> Assignment:
Your copy should run exactly from the line containing "- Este sitio" to the last line of the entries below, and it should include no pictures.

Data records:
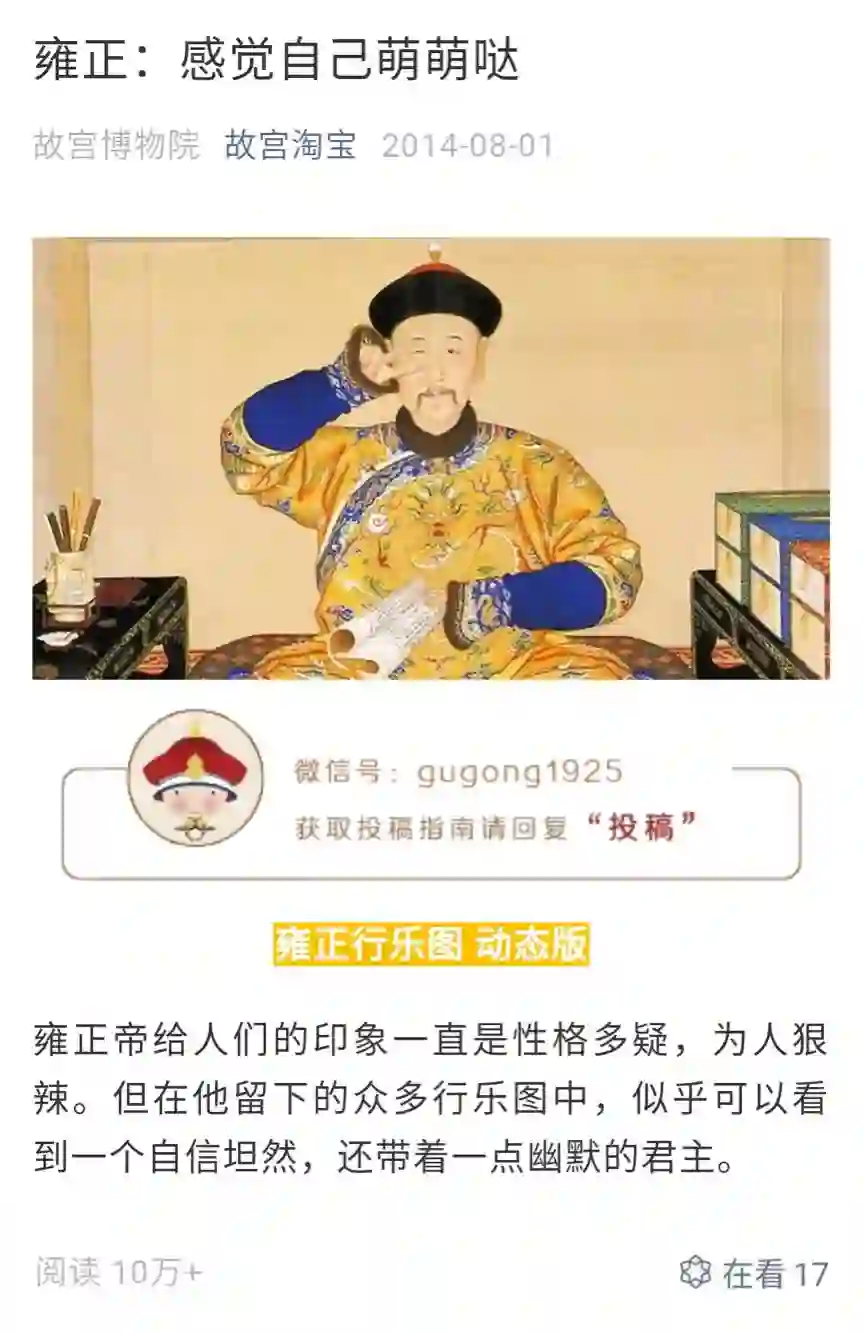 2014年,一篇名为《雍正:感觉自己萌萌哒》的原创文章,让向来平均只有四位数阅读量的故宫第一次达成了10W+的“小目标”。卖萌、“抠脚”、逗猴的雍正与挑眉故作撩人的康熙表情包瞬间风靡全网,萌翻众人。
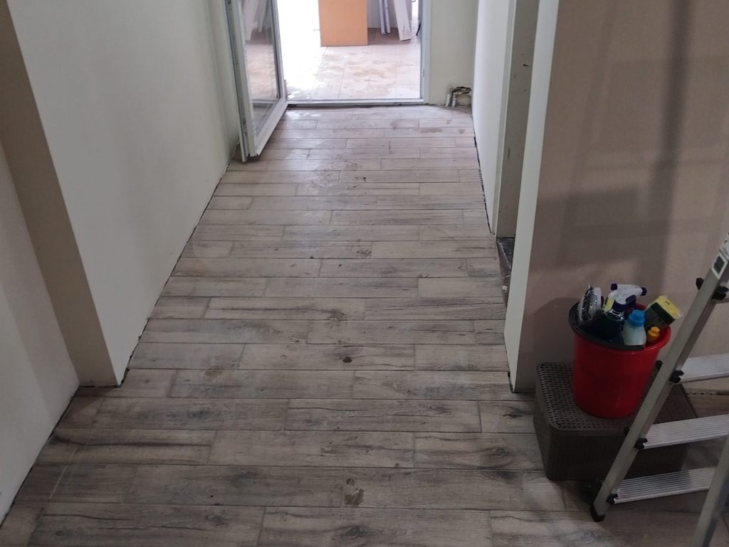 Keramika je postavljena od ulaza preko hodnika i cele dnevne sobe, imitacijom drveta dobija se vrlo atraktivan pod koji je veoma lak za održavanje.
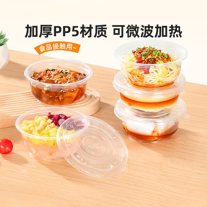 📚 特美居一次性碗家用带盖碗筷套装塑料饭碗食品耐高温打包餐盒小碗
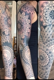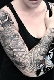 女生手臂上黑灰素描点刺技巧霸气花臂纹身图片
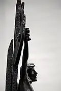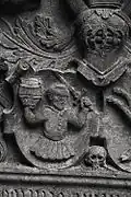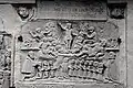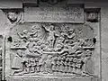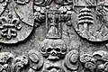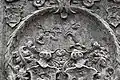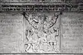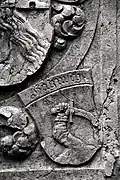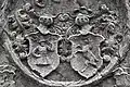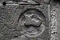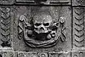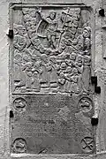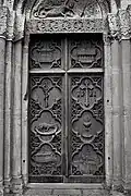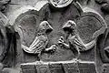 Two portals provide access to the building, one from the west and one from the south. The tympanum of the west portal portrays a knight, armed with sword and shield, battling a dragon. The head of a man, whom the dragon has swallowed, is visible between its jaws. The representation may allude to the words of Psalm 35/34:
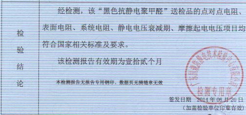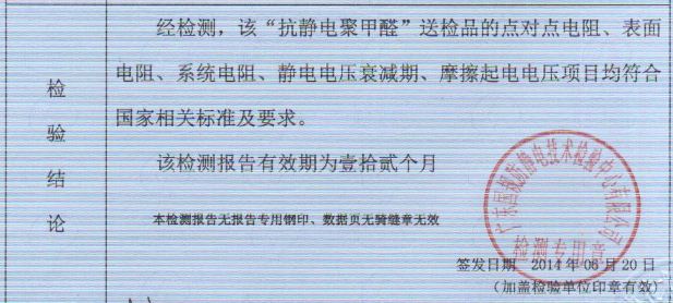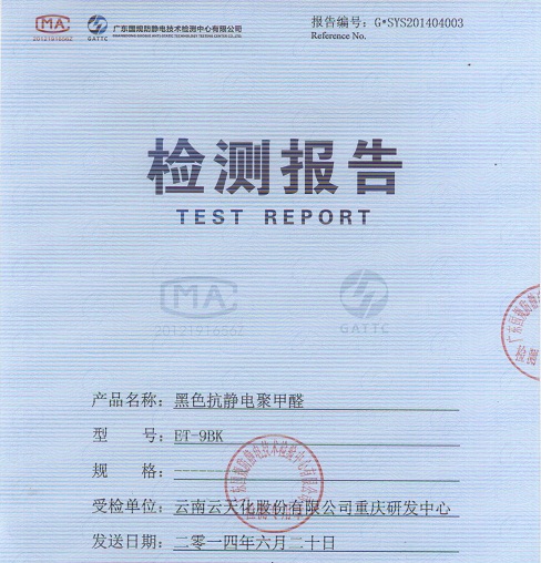 目前,云天化本色抗静电聚甲醛已经通过了两家客户的试用,为进一步推广产品,提供品质保障,我们针对抗静电聚甲醛进行了有检测资质的第三方测试。通过广东国规防静电技术检测中心测试,云天化两款抗静电产品的以上5个项目测试结果均符合国家相关标准及要求,并且符合《电子产品制造与应用系统防静电检测通用规范SJ/T10694-2006》的要求,说明云天化的抗静电聚甲醛已获得进入防静电领域的“通行证”。
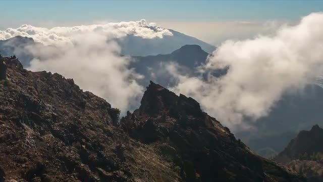 > Caldera de Taburiente Time-lapse of Clouds with rocky pinnacles
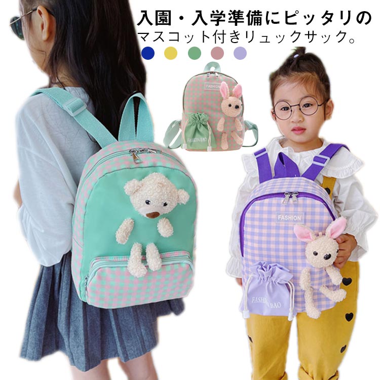 遠足や通園に最適なキッズ用リュックサック くま うさぎ ぬいぐるみ付き キッズ リュックサック 通園バッグ 幼稚園 保育所 バックパック 幼児バッグ 子供 リュック プレゼント
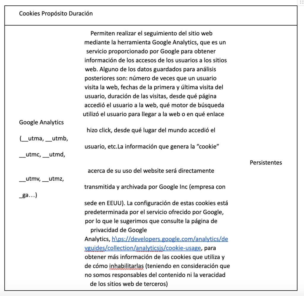 - Este sitio web utiliza las siguientes cookies de terceros:
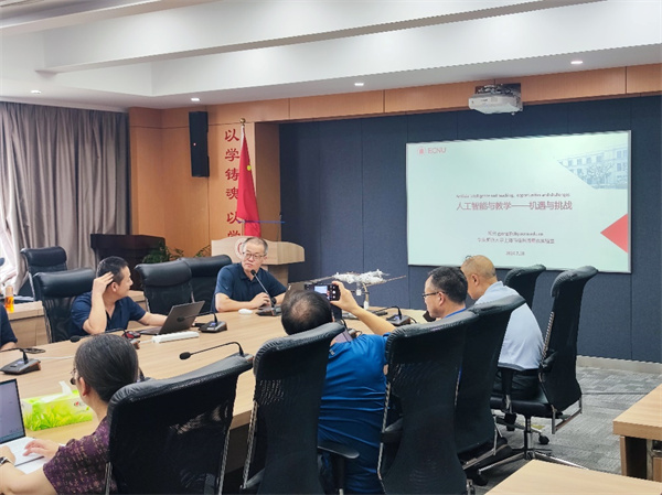 为帮助教师更好地理解人工智能技术对教育生态、教学模式的影响,更有效地引导学生利用AI工具赋能学习,7月11日下午,我院在闵行校区物理楼三楼多功能厅召开“AI赋能教师教学创新研讨会”。上海市磁共振重点实验室副主任杨光、精密光谱科学与技术国家重点实验室教授袁翔分别做题为“人工智能教学的机遇和挑战”和“固体物理与AI融合教学创新探索前沿科技在教育中的应用”主题报告,20余位教师参与研讨,会议由副院长徐敏主持。
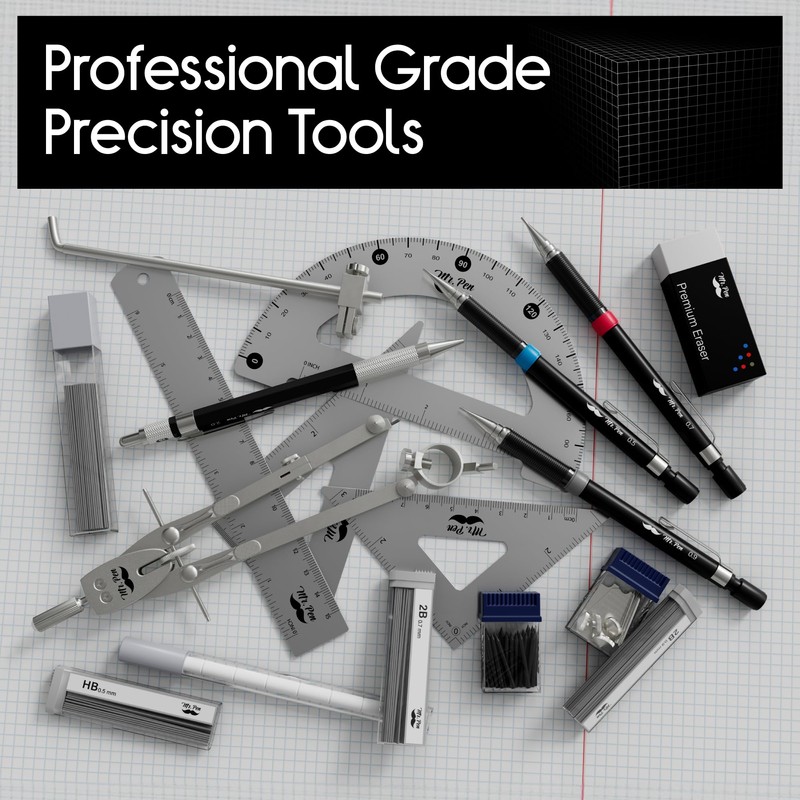 Mr. Pen- Professional Geometry Set, 17 pcs, Silver Geometry Kit for Artists, Metal Rulers and Compasses, Mechanical Pencil Set, Drafting Tools & Drafting kits

> Output:
 - Este sitio web utiliza las siguientes cookies de terceros:
 为帮助教师更好地理解人工智能技术对教育生态、教学模式的影响,更有效地引导学生利用AI工具赋能学习,7月11日下午,我院在闵行校区物理楼三楼多功能厅召开“AI赋能教师教学创新研讨会”。上海市磁共振重点实验室副主任杨光、精密光谱科学与技术国家重点实验室教授袁翔分别做题为“人工智能教学的机遇和挑战”和“固体物理与AI融合教学创新探索前沿科技在教育中的应用”主题报告,20余位教师参与研讨,会议由副院长徐敏主持。
 Mr. Pen- Professional Geometry Set, 17 pcs, Silver Geometry Kit for Artists, Metal Rulers and Compasses, Mechanical Pencil Set, Drafting Tools & Drafting kits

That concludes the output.